▶ _EXERCISE_: Would you show every line from the records that holds "superior"?

▶ _DATA SUPPLIED_:
_ _ _
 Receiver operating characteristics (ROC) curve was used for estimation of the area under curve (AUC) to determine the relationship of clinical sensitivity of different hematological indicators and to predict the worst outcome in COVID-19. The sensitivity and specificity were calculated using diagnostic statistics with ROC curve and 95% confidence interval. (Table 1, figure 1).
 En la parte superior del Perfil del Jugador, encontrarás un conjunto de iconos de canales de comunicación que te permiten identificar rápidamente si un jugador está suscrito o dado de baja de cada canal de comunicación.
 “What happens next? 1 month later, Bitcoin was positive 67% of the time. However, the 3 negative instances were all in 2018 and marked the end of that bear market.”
_ _ _
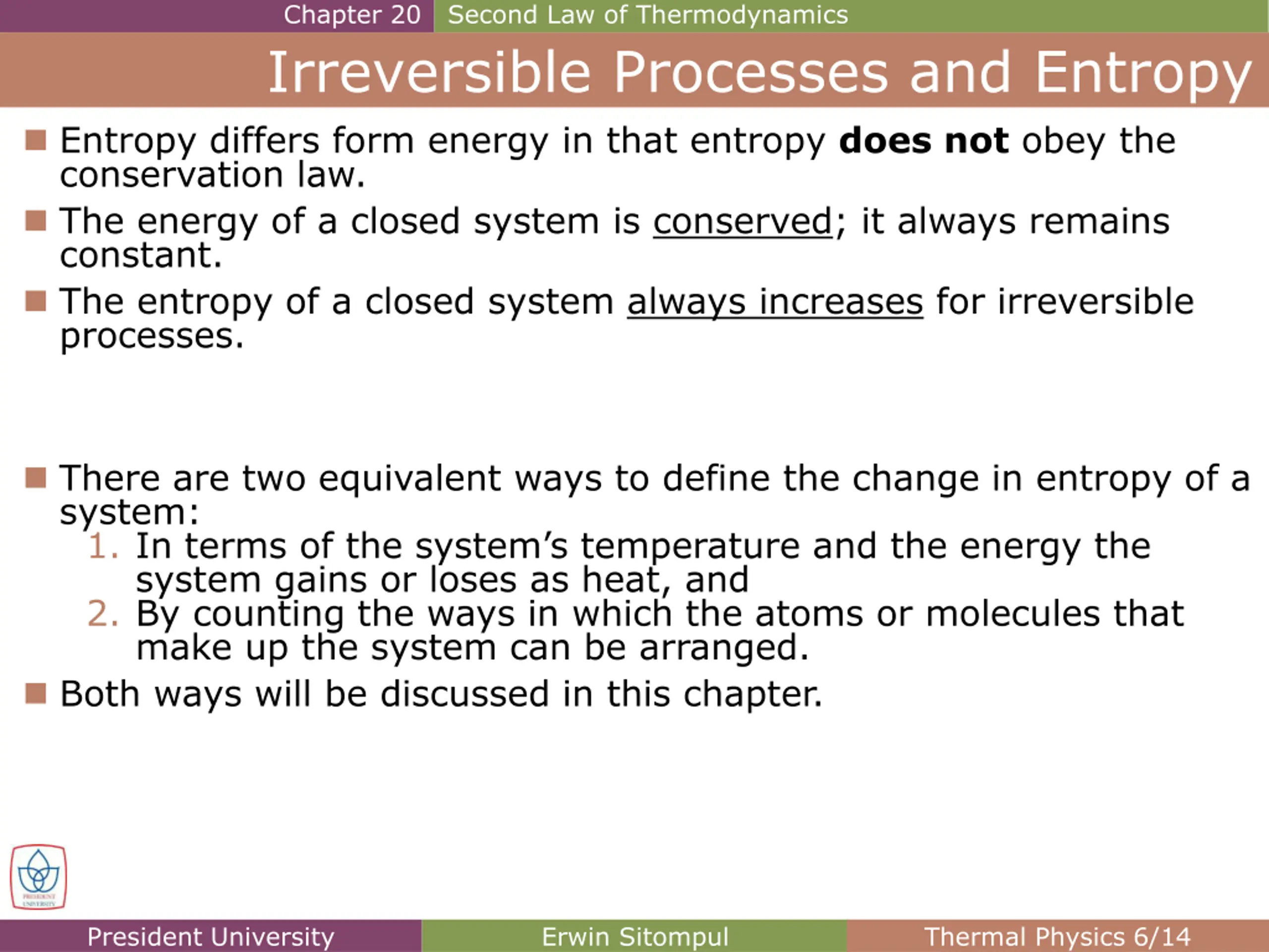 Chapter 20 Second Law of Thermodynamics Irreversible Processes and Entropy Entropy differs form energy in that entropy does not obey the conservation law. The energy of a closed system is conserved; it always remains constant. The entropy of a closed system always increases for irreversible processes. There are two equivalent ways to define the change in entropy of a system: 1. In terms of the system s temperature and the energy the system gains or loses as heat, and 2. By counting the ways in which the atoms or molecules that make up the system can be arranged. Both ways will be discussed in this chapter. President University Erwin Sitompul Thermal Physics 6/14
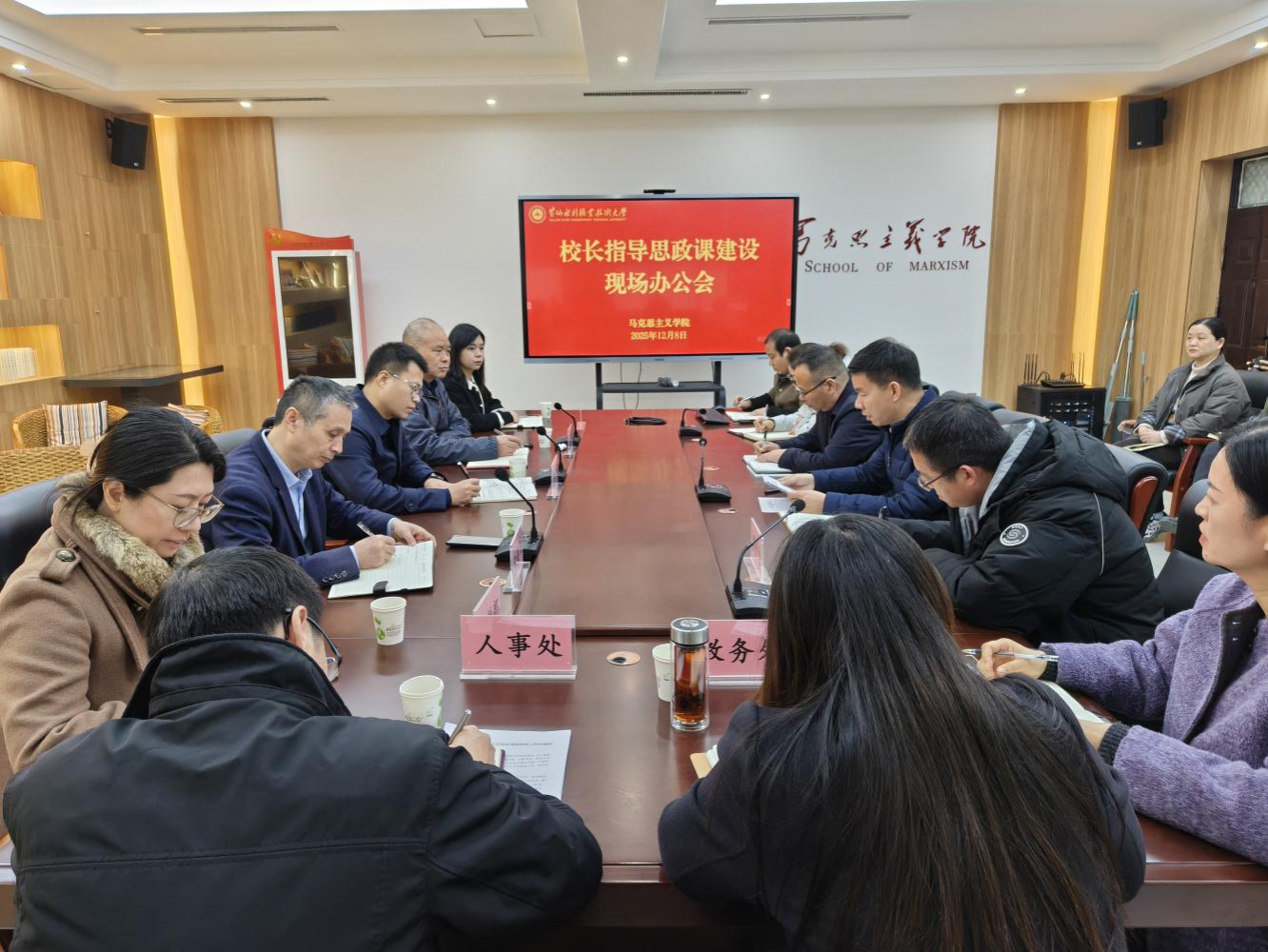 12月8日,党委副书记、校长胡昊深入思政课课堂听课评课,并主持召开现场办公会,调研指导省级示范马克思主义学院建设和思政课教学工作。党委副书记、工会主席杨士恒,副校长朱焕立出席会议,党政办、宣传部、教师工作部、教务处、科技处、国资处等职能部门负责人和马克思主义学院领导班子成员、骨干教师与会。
_ _ _
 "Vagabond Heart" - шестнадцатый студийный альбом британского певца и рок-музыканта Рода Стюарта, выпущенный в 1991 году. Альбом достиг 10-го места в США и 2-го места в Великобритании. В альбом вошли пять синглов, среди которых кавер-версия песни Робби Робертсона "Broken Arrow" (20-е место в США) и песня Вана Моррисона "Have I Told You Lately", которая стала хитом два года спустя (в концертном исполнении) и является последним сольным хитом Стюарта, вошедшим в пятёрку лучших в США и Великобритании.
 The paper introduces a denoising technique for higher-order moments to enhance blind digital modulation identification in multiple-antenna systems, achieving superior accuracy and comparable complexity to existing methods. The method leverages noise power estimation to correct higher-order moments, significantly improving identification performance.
_ _ _
▶ _SOLUTION FOR THIS EXERCISE_:
 En la parte superior del Perfil del Jugador, encontrarás un conjunto de iconos de canales de comunicación que te permiten identificar rápidamente si un jugador está suscrito o dado de baja de cada canal de comunicación.
 The paper introduces a denoising technique for higher-order moments to enhance blind digital modulation identification in multiple-antenna systems, achieving superior accuracy and comparable complexity to existing methods. The method leverages noise power estimation to correct higher-order moments, significantly improving identification performance.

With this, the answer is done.